Hal tersebut membuka refleksi pemerintah bersama masyarakat Denpasar sangat merespon, mengapresiasi dan memuliakan Keris Pusaka sebagai Warisan Budaya Dunia. Sesuai dengan penghargaan UNESCO ”Keris as Masterpiece of a Oral and Intangible Heritage of Humanity ”(UNESCO, 2005).

Kepala Dinas Perindustrian dan Perdagangan Kota Denpasar, Drs. we Wayan Gatra, M.Si., yang didampingi Kabid Industri Logam dan Mesin, Elektronika dan Telematika dan Agro, we Nyoman Sudarsana, S.Sos.,M.Si., saat rapat koordinasi dengan SKPD terkait lainnya, Rabu (9/8), di aula kantor setempat. ‎

Menurut Wayan Gatra, pelaksanaan Petinget Rahina Tumpek Landep IX ini akan dibagikan buku rangkuman dari kegiatan saresehan, convention dan lainnya kepada pengunjung. Pelaksanaan kegiatan ini akan berlangsung 4 hari, yakni mulai Senin (28/8) hingga Kamis (31/8), bertempat di depan Museum Bali.

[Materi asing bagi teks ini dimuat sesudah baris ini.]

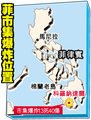 菲律賓南部棉蘭老島科羅納達爾市一個市集外上周六受到爆炸襲擊,一聲巨響後現場滿是死傷者,導致十三死、四十傷,死者包括兩兇徒。回教激進組織「阿布沙耶夫」已承認責任。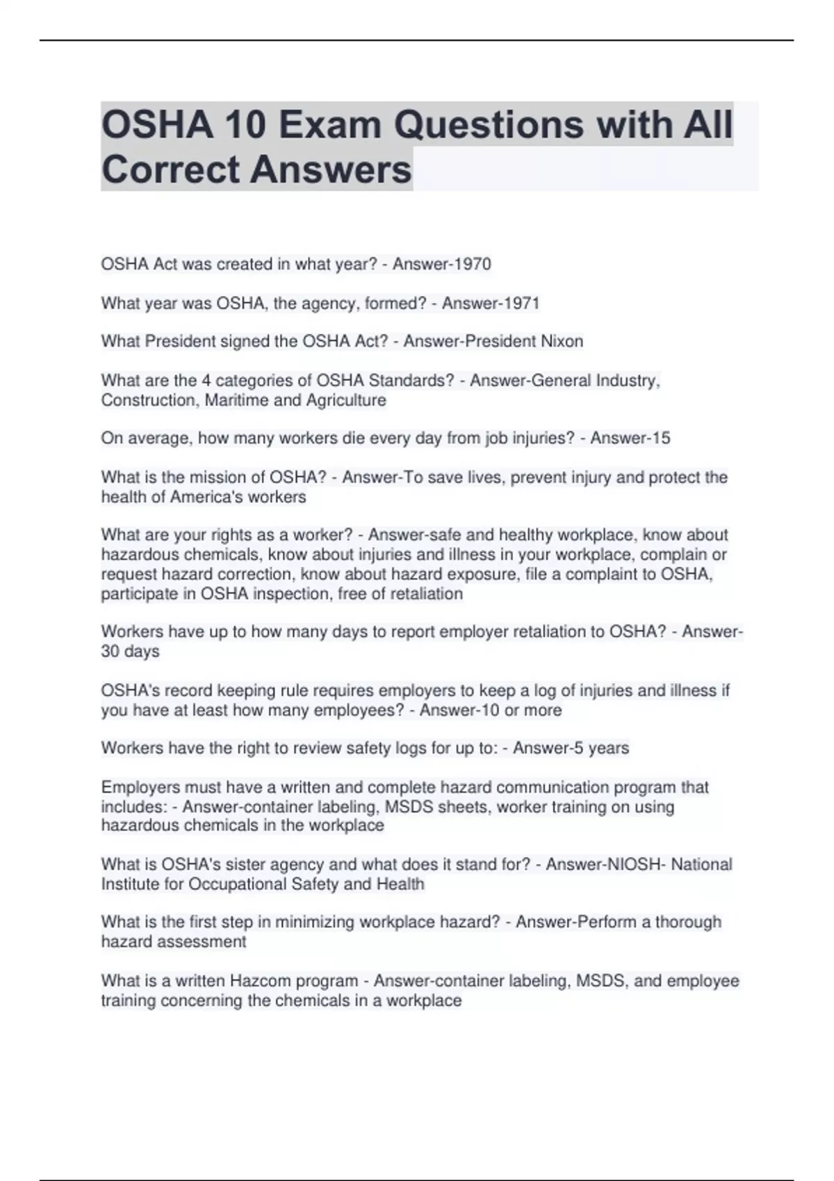 OSHA 10 Exam Questions with All Correct Answers OSHA Act was created in what year? - Answer-1970 What year was OSHA, the agency, formed? - Answer-1971 What President signed the OSHA Act? - Answer-President Nixon What are the 4 categories of OSHA Standards? - Answer-General Industry, Construction, Maritime and Agriculture On average, how many workers die every day from job injuries? - Answer-15 What is the mission of OSHA? - Answer-To save lives, prevent injury and protect the health of America's workers What are your rights as a worker? - Answer-safe and healthy workplace, know about hazardous chemicals, know about injuries and illness in your workplace, complain or request hazard correction, know about hazard exposure, file a complaint to OSHA, participate in OSHA inspection, free of retaliation Workers have up to how many days to report employer retaliation to OSHA? - Answer-30 days OSHA's record keeping rule requires employers to keep a log of injuries and illness if you have at least how many employees? - Answer-10 or more Workers have the right to review safety logs for up to: - Answer-5 years Employers must have a written and complete hazard communication program that includes: - Answer-container labeling, MSDS sheets, worker training on using hazardous chemicals in the workplace What is OSHA's sister agency and what does it stand for? - Answer-NIOSH- National Institute for Occupational Safety and Health

”‎Selaku ketua panitia pada kegiatan ini Jero Bendesa Desa Pakraman Denpasar yakni AA Putu Oka Suwetja, S.H.,M.Si‎. Kegiatan ini adalah ke sembilan kalinya setelah sukses pada 2009-2016 lalu dan akan diadakan secara rutin setiap tahun. Kami harapkan akan lebih baik dan terus meningkatkan dari tahun sebelumnya,’’ katanya. ‎

Kegiatan Petinget Rahina Tumpek Landep tahun ini mengangkat tema “Tumpek Landep Sebagai Hari Pusaka” dan dari tema ini diturunkan tema kirab yaitu “Pemuliaan Sinerga Keris, Subak, Seni Tari Bali sebagai Warisan Budaya Dunia”. ‘’Kami juga akan melaksanakan Sarasehan dengan tema Jelajah Holistik Tumpek Landep sebagai Hari Pusaka Lokal Regional,” jelas Gatra. (sta)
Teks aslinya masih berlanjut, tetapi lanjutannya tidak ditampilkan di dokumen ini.